Additionally, pesticides are classified based on the acute oral and dermal toxicity to the rat as the standard toxicology procedure, presented as LD50 in Table . According to the World Health Organization (Citation2010), LD50 is the statistical estimate of the number of milligrams (mg) of toxicant per kilogram (kg) of body weight required to kill 50% of the large population of test animals. Although most of the pesticides classification is based on the acute oral LD50 value, dermal toxicity is always considered since pesticides handling takes a high proportion of dermal exposure (Maul, Blackstock, & Brain, Citation2018; Strickland et al., Citation2018). Moreover, according to Giusti et al. (Citation2018), pesticides concentration in the air exposes community through inhalation. For instance, the use of the median lethal dose (LC50) which defines the average concentration of chemicals as gas, vapor, mist, fume or dust is capable of killing 50% of the test animals exposed by inhalation under specific experimental conditions, expressed as milligram (mg) per liter (l) over a given period of exposure (Deadman, Citation2017). Pesticide formulation may contain more than one ingredient such as wetting agent of significant toxicity, then the classification should correspond to the toxicity of mixed ingredients (World Health Organization, Citation2010). Based on the active and inert ingredients and target pests, pesticides have different mode of action: interfering with amino acid and protein synthesis, nervous system, cell division, energy production, respiration, growth or development regulation, photosynthesis, deoxyribonucleic acid (DNA) damage and methylation, membrane integrity or multisite and sometime with unknown specificity (Table ).

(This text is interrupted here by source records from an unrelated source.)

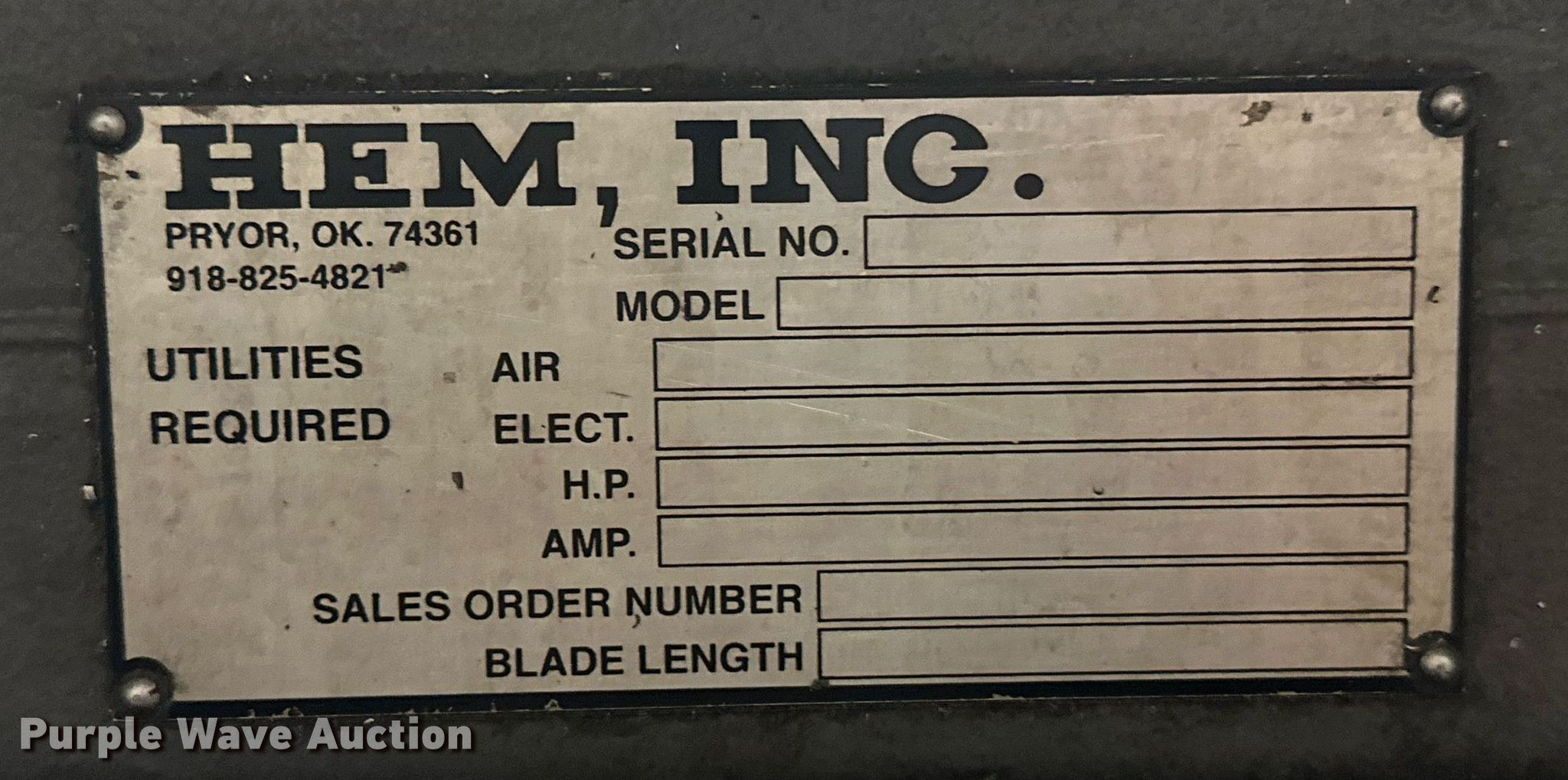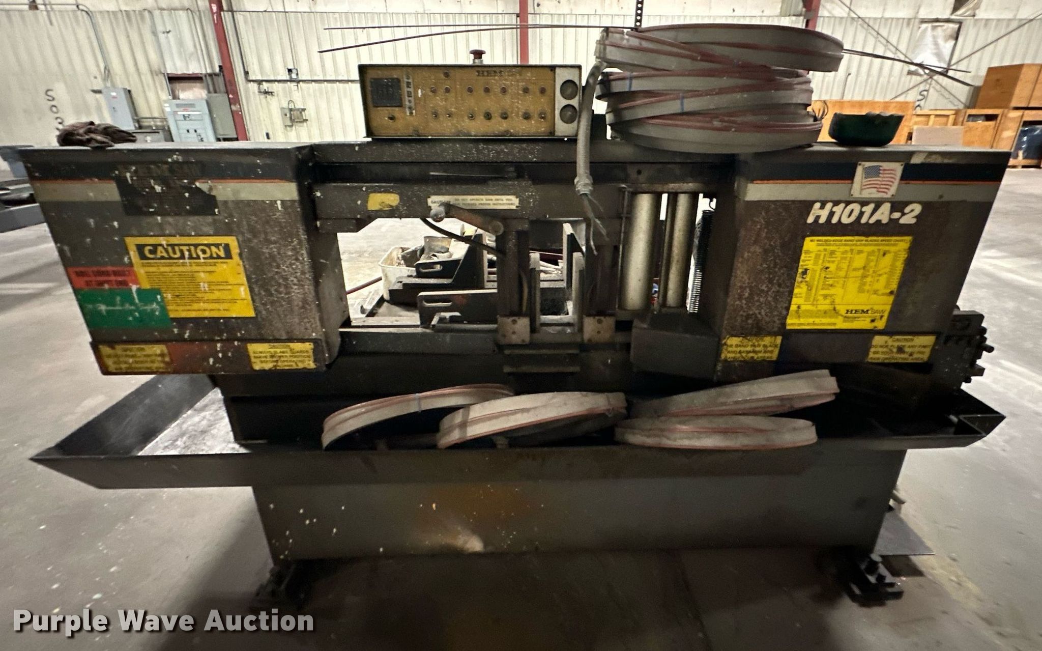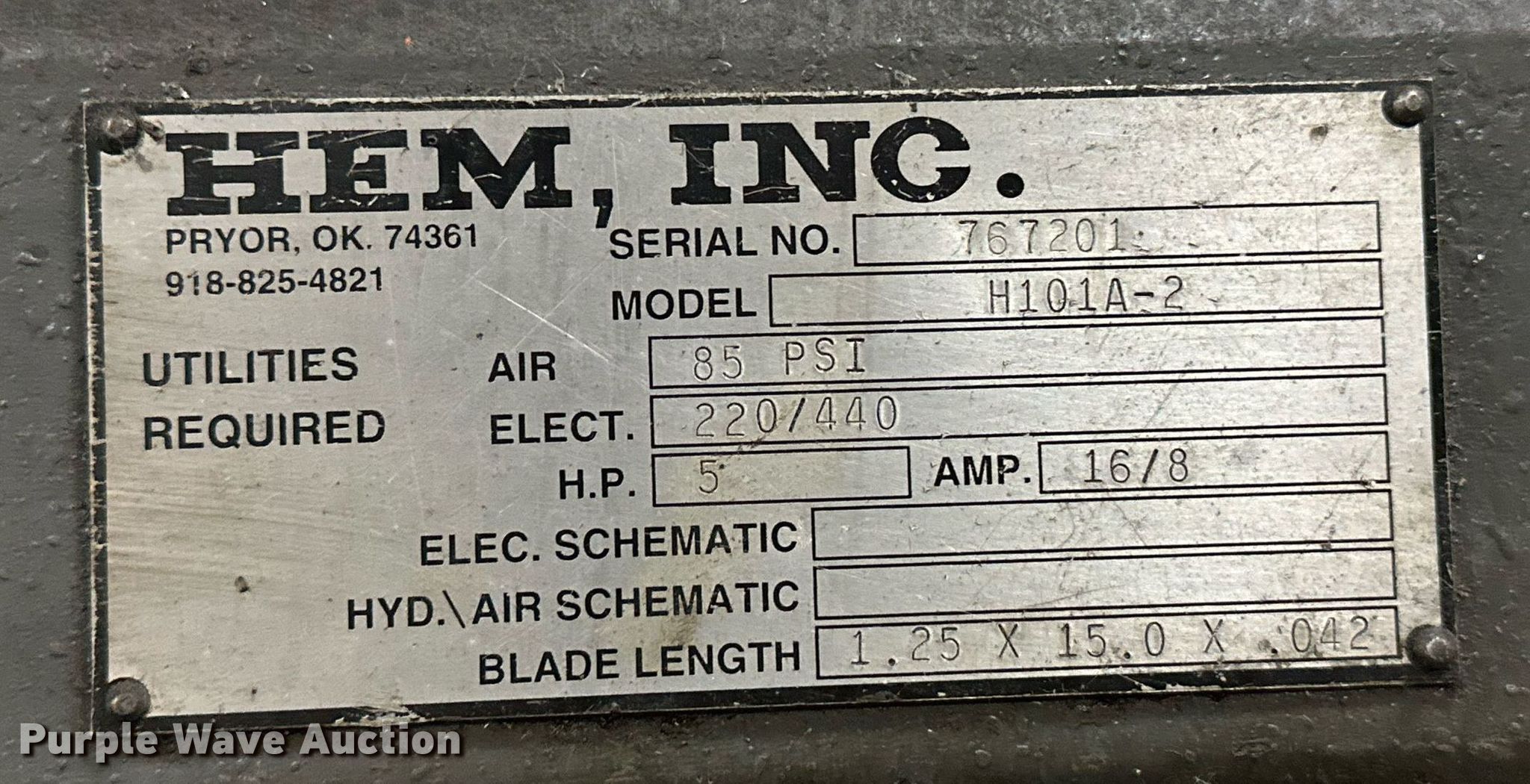 (2) bandsaws. Hem H105-LA-4 bandsaw. Serial: 767201. Electric Motor Baldor Reliancer Serial: F1101072410, HP: 7, Volts: 208-230/460, Phase: Three. Features Roller table Length: 10', Max cutting width: 22". Notes Unknown operating condition. HEM H101A-2 bandsaw Electric Motor Lincoln AF4P5T61B Serial: 767201, Volts: 230/460, Phase: Three. Notes Non-operational. Hunting Titan. Oklahoma City, OK 73128
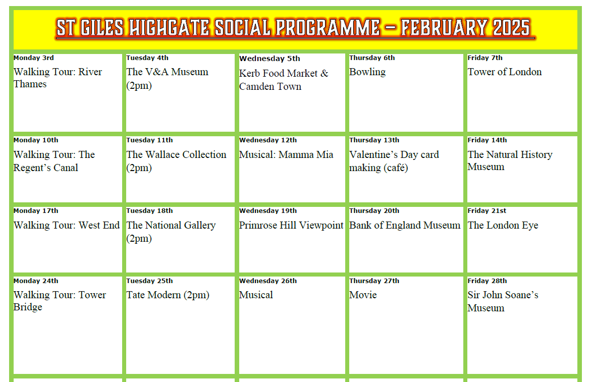 ![]() 2025年2月のアクティビティカレンダーです。 あくまで参考としてご覧ください。 |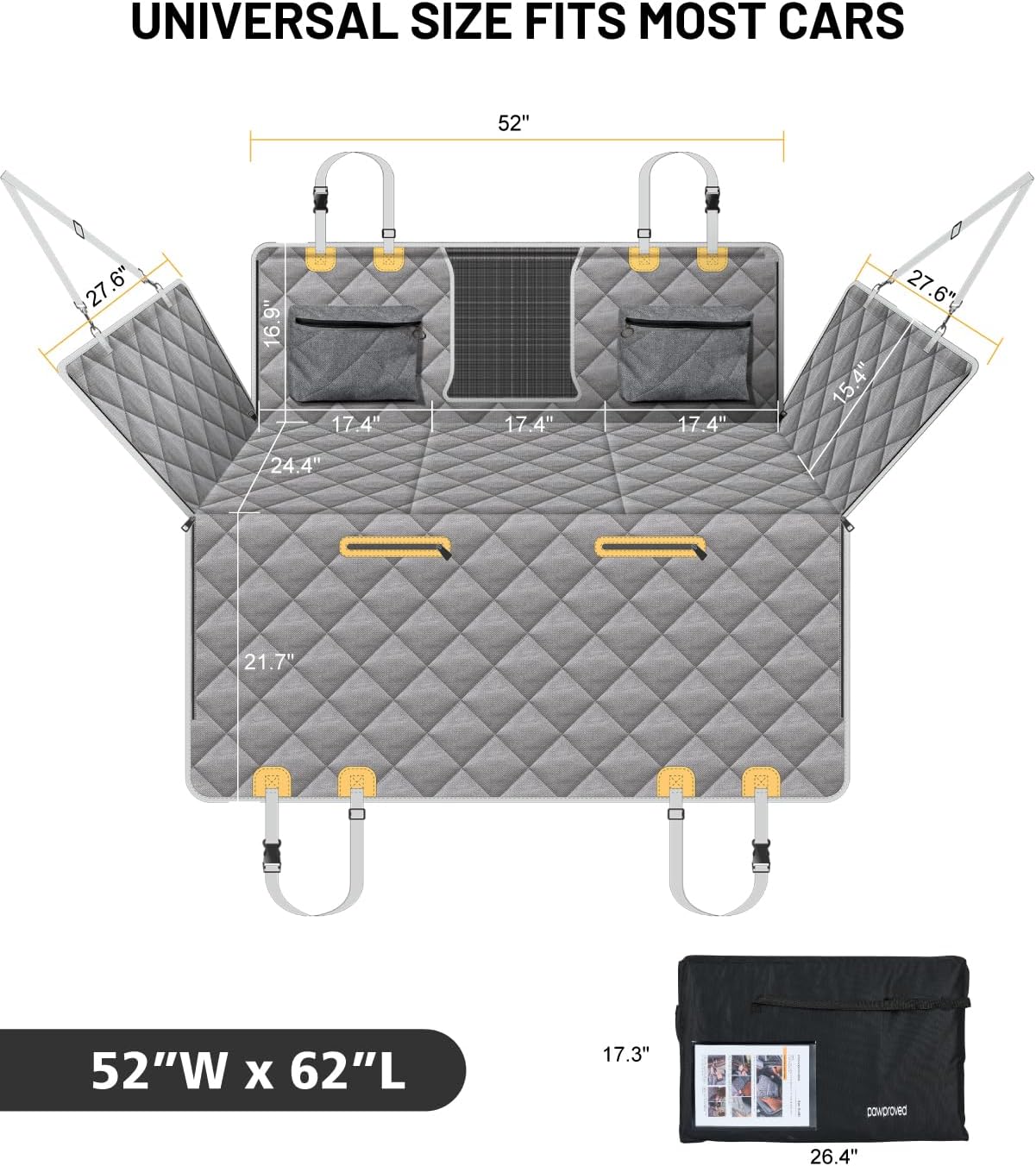 - Extended Activity Space: Our car hammock (52.3โW x 24.4โD) prevents footwell sliding, expands space by 40%, and ensures safety for movement and stretching to ease travel anxiety. Offers full rear-seat coverage, ideal for large breeds, older dogs, or multi-dog households.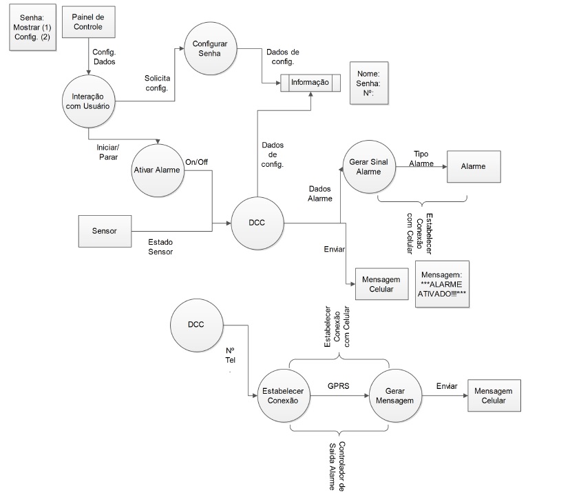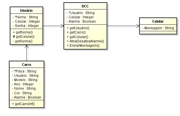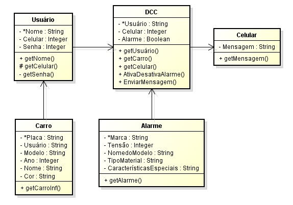 - O projeto DCC visa a implementação de um dispositivo de alarme residencial em um automóvel, sendo que após o acionamento do alarme do carro o aparelho entraria em contato diretamente com o telefone móvel do proprietário do veículo alertando-o sobre o incidente.

Table 1. Classification of pesticides based on acute toxicity

Table 2. Pesticides chemical type and mode of action

3. Counterfeit pesticides

Counterfeit pesticides are substances that may contain no/or very little active ingredients and substances that may pose threat to the environment, crops, animals, humans and inconsistent with the label misleading the public (Miszczyk et al., Citation2018). Counterfeit pesticide results into a range of food safety hazards; phytotoxicity due to their impurities and unregistered chemicals, decreased efficacy or no efficacy at all, increased unknown-uncontrolled residues in food and toxic substances getting into the food chain (Karasali, Kasiotis, Machera, & Ambrus, Citation2014). Presence of counterfeit pesticides in the market is a growing global jeopardy which largely affects consumers, national security, the economy and the environment (Drury, Citation2014). They are sold at a relatively low price as legal branded and generic pesticides resulting in unfair competition (Hoi, Mol, Oosterveer, van Den Brink, & Huong, Citation2016). Sales estimate of counterfeit pesticides is at 5–7% and 20–30% in developed and developing countries, respectively (Karasali et al., Citation2014; Płonka, Walorczyk, & Miszczyk, Citation2016).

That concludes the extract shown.